The State Minister for Urban Development and IT, KT Rama Rao, had announced days before the flooding that the TRS Govt had spent Rs 67,500 crores on the development of urban infrastructure to prepare Hyderabad to emerge as a global city since 2015.

The government had firmed up a Musi River Front Project too. Its dreams of realising the expansion of the metropolis through the Hyderabad Metropolitan Development Authority (HMDA), which extends to 7500 sq kms (size of Goa) call for dramatic and long term reforms in land use, building construction and infrastructure.

“With the Krishna and Godavari river basins too coming into the picture with water supply being brought to Hyderabad from long distances through pipelines, there is an urgent need to have an expert commission to devise land use plans, drainage and sewage systems and disaster mitigation,” said Ananth Mariganti, from the Hyderabad Urban Labs.

“Hyderabad and even Telangana state do not have a disaster management plans. They are not fully utilising the doppler radar, which can give advance and precise warnings. The focus is on disaster response, even while allowing unplanned growth,” said Marri Shashidhar Reddy, former vice chairman of the National Disaster Management Authority (NDMA).

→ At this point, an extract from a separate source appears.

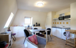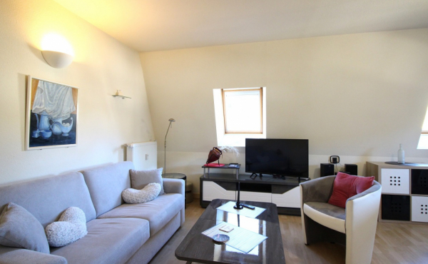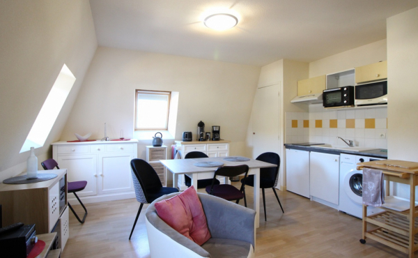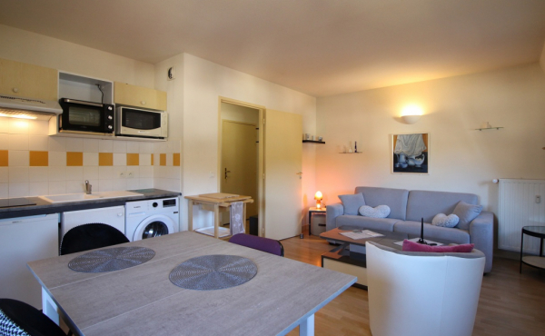 Cet appartement est composé d'une entrée, une piéce à vivre équipée d'un canapé convertible en couchage 2 personnes, une cuisine US totalement équipée avec plaque vitrocéramique 2 zones, hotte, mini-four, micro-ondes, réfrigérateur Top ...

A former MLA, Reddy suggests annual desilting of storm drains, utilisation of weather data and an overall Master Plan to make Hyderabad ready to face disasters in the long run. With nearly 50 percent of revenues of the state and huge presence of industry, the economic loss of extreme events can be disastrous, he warned.

There is a need for exploring the concept of climate proofing cities, said V. Srinivasa Chary of the Centre for Urban Governance and Infrastructure Development, Environment & Energy at the Administrative Staff College of India (ASCI). In addition to disaster management, cities too require a certain amount of resilience built in. Hyderabad is a fit case to identify ‘hot spots’ for flooding, design materials and systems that will withstand such events.